The effect of riboflavin deficiency on methylenetetrahydrofolate reductase (NADPH) (EC 1.5.1.20) and folate metabolism in the rat.

Author information

1
Dunn Nutritional Laboratory, Cambridge.

Erratum in

  • Br J Nutr 1986 Nov;56(3):following 683.

Abstract

1. Riboflavin deficiency at two levels of severity was produced in weanling rats by feeding deficient diets for 6 weeks and using neck collars to prevent coprophagy. The severity of deficiency was monitored by growth, liver flavin levels and the activation coefficient of erythrocyte glutathione oxidoreductase (NAD(P)H) (EC 1.6.4.2). Control groups, receiving the same diet with ample added riboflavin, were fed either ad lib., or were pair-fed with the deficient animals. 2. The hepatic flavoenzyme, methylenetetrahydrofolate reductase (NADPH) (EC 1.5.1.20), was very markedly affected by severe riboflavin deficiency and was significantly, but less markedly, affected by the intermediate level of deficiency. This reduction in activity was due primarily to the direct effect of the diminished supply of riboflavin, and occurred to only a small extent as a result of inanition, demonstrated by a moderate reduction in activity in the more severely food-restricted of the two pair-fed groups.
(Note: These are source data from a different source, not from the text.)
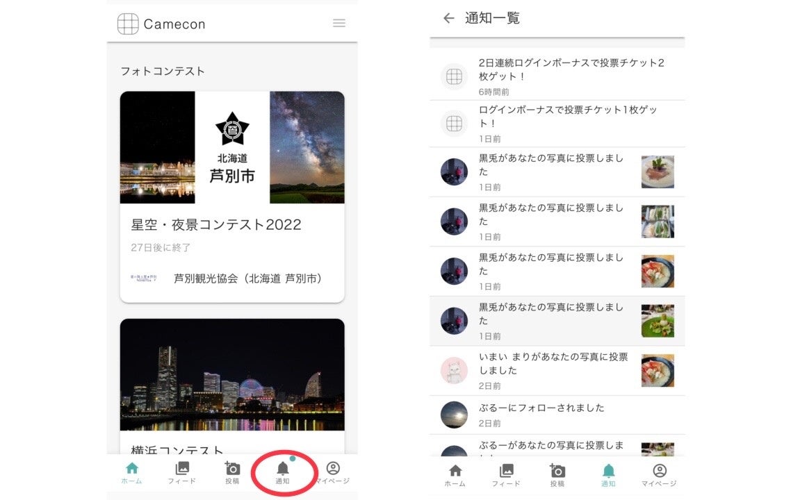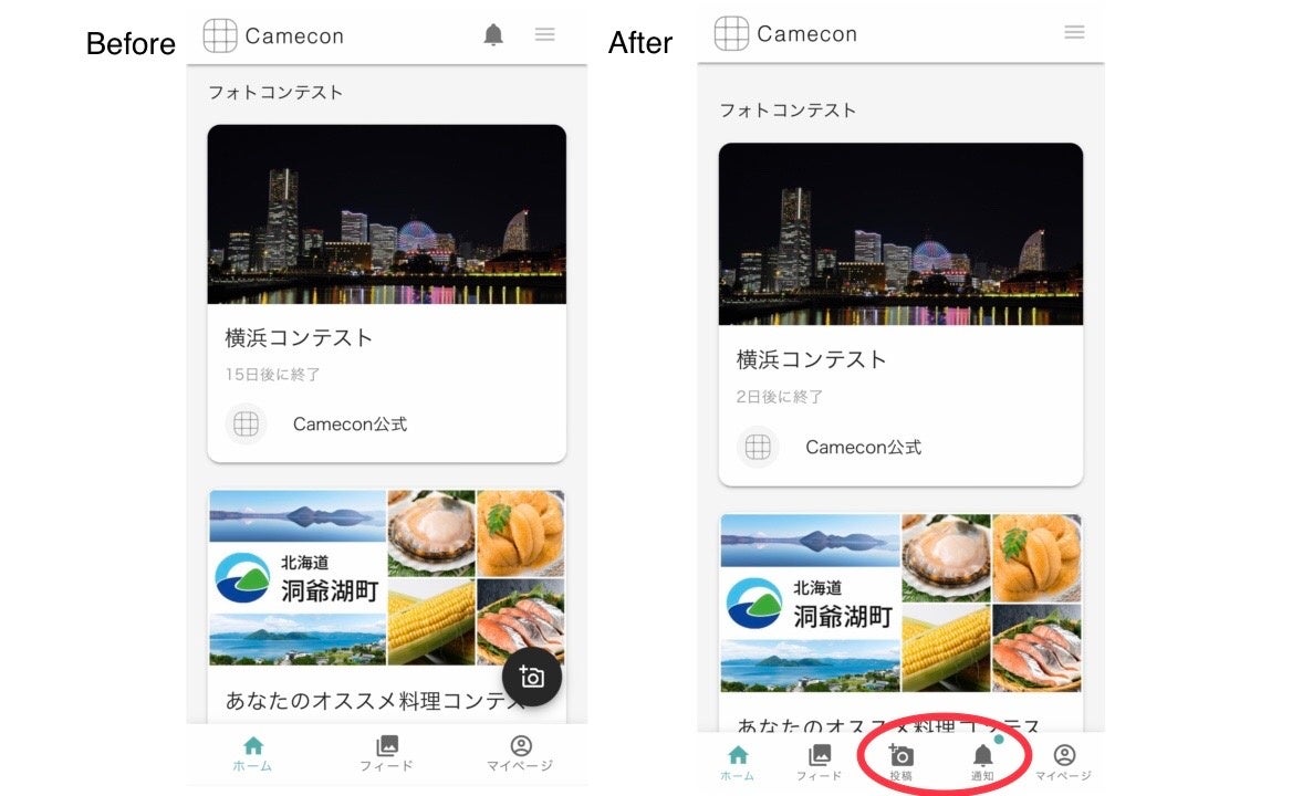 フォトコンテストアプリ「Camecon(カメコン)」のホーム画面のボトムナビに投稿・通知ボタンが追加されました。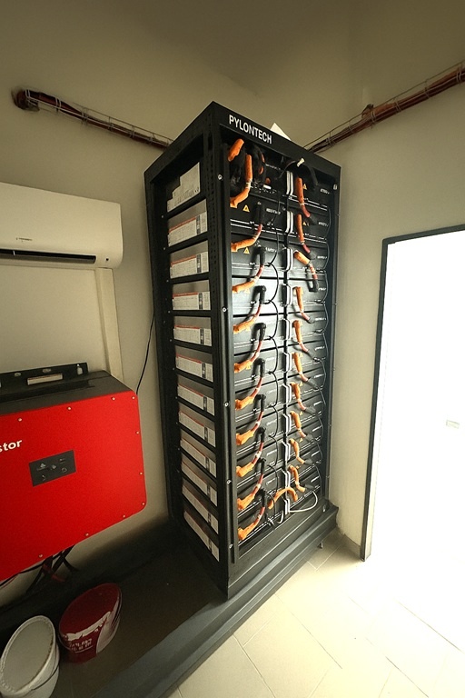 Systém je řízen jedním střídačem SolarEdge a doplněn o bateriové úložiště o kapacitě 104,19 kWh, které zajišťuje efektivní využití vyrobené energie.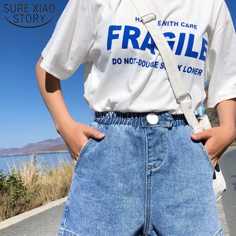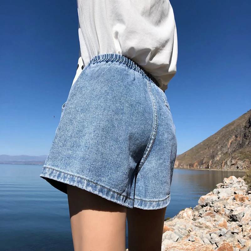 remarkable 2019 New Arrival High Elastic Waist Wide Leg Shorts Jeans Black Blue White Pink Short Femme Summer
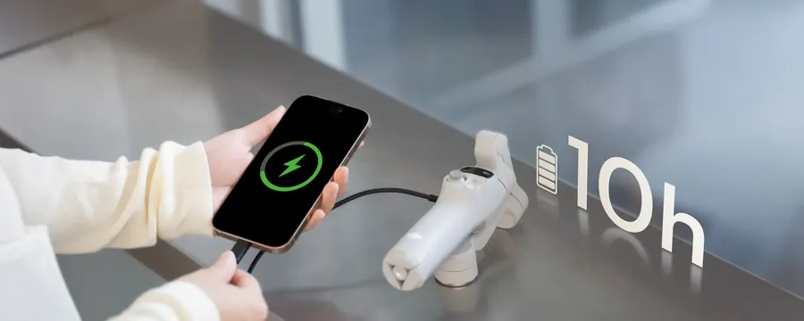 Камера Osmo Mobile 7 Series обеспечивает 10 часов работы и оснащена портом USB-C для зарядки телефона, что идеально подходит для длительной съемки на открытом воздухе и прямых трансляций.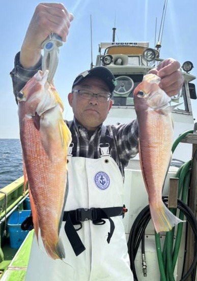今回は浅場のシロアマダイは狙わず、近況で中型が口を使っている水深70m台のラインを流すと右舷トモは連発、左舷ミヨシ寄りでもアタリが出てボウズ脱出。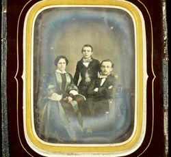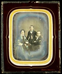 Eltern mit ihrem Sohn, der zwischen ihnen steht, Ganzfigur, koloriert.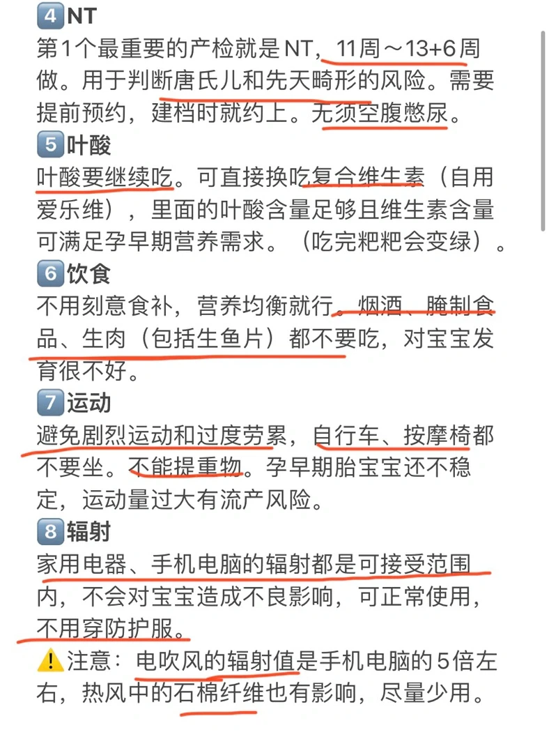 第1个最重要的产检就是NT,11周~13+6周做。用于判断唐氏儿和先天畸形的风险。需要提前预约,建档时就约上。无须空腹憋尿。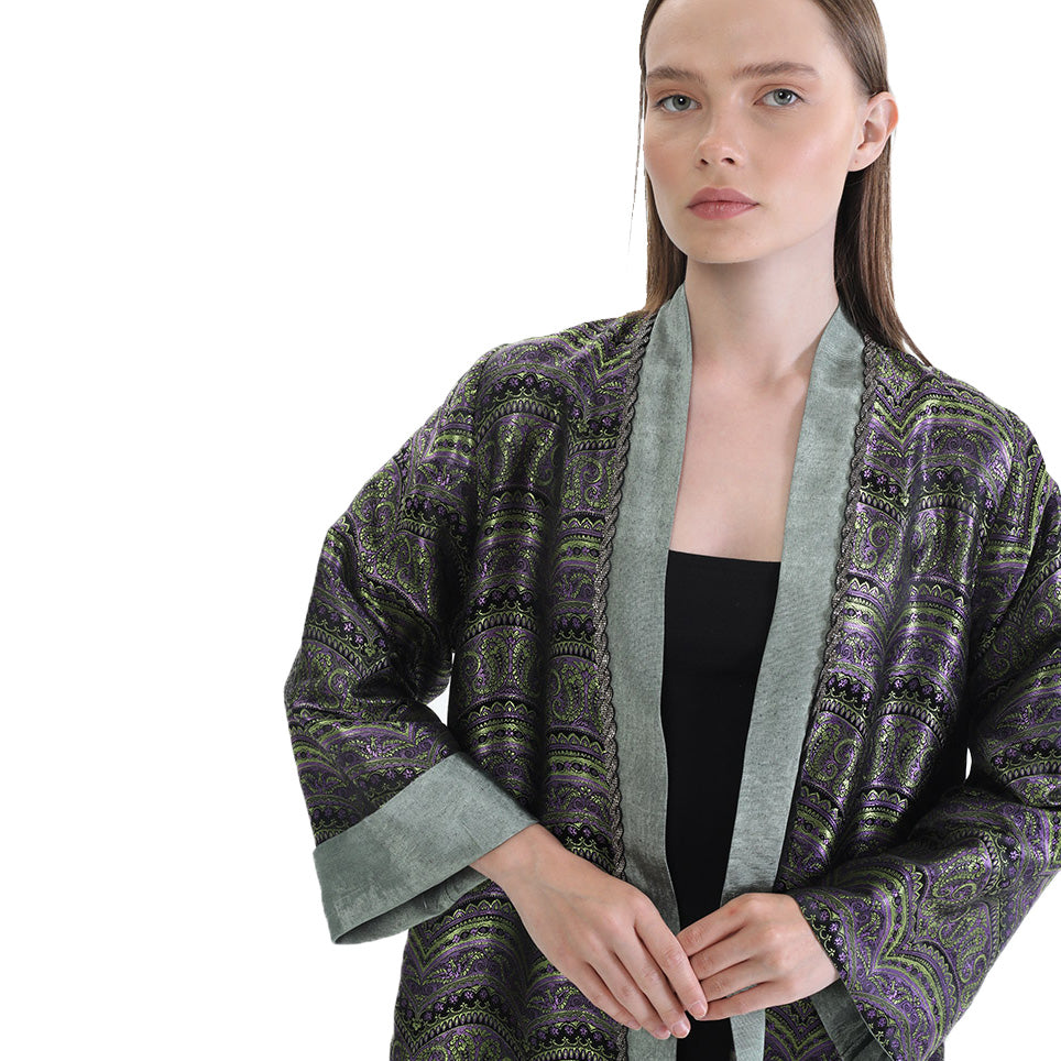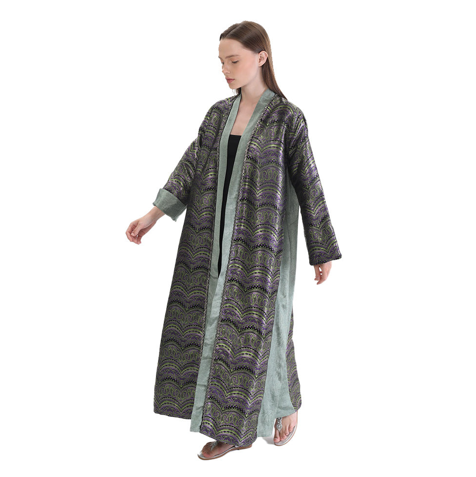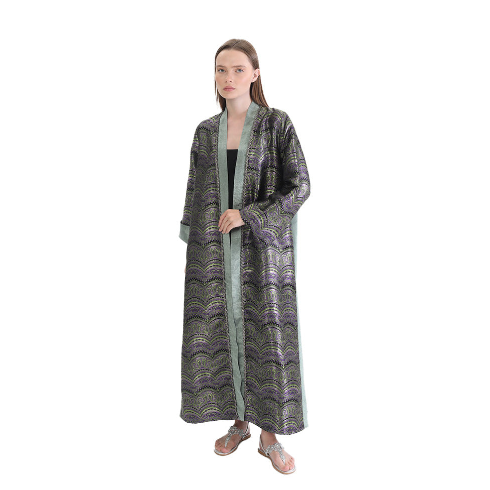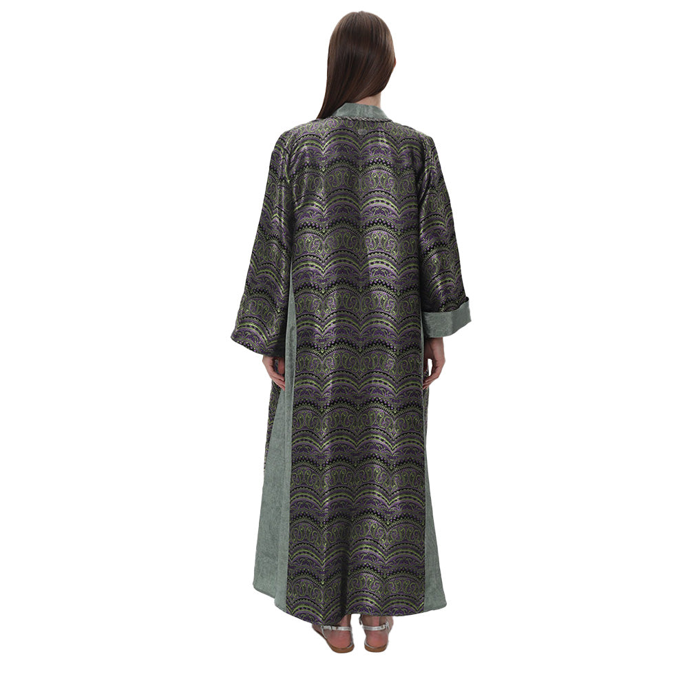 Handcrafted brocade kaftan adorned with artisanal details, designed using Kutnu fabric woven exclusively in Gaziantep.
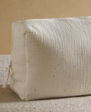 Trousse de toilette pour enfant en gaze de coton, dotée d’une fermeture Éclair et ornée d’un imprimé lunes.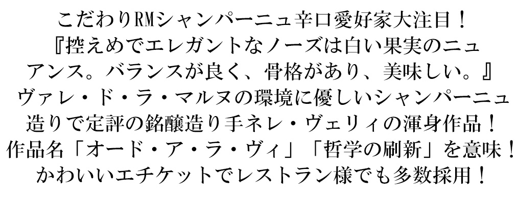 MCRによるドザージュは7g/L!シャンパーニュのタイプは控えめでエレガントなノーズは白い果実のニュアンス!バランスが良く、骨格があり、美味しい!作品名の「オード・ア・ラ・ヴィ」はここでは「哲学の刷新」という意味で、数百年かけて培われてきたシャンパーニュ造りの伝統と、(環境に優しいシャンパン造りといった)新しい考え方を融合させ、新時代のシャンパン造りを目指したいという彼らの哲学を表したものです!

Since the enzyme is assayed in the presence of its flavin cofactor, FAD, it clearly cannot be reactivated in vitro, as some other depleted flavoenzymes can. The discriminatory ability in distinguishing between severe and moderate riboflavin deficiency in vivo confers some potential advantages on this oxidoreductase as a possible index of riboflavin status. 3. The hepatic activity of another key folate-metabolizing enzyme, dihydrofolate reductase (EC 1.5.1.3), was not diminished by riboflavin deficiency in the present study. 4. The ratio, labelled 5-methyltetrahydrofolic acid:other labelled compounds derived from intraperitoneally injected pteroylglutamic acid in extracts of hepatic tissue was significantly reduced in the riboflavin-deficient groups, indicating the possibility of an effect of riboflavin deficiency on folate metabolism in vivo.

PMID:
3676170
DOI:
10.1079/bjn19860051
[Indexed for MEDLINE]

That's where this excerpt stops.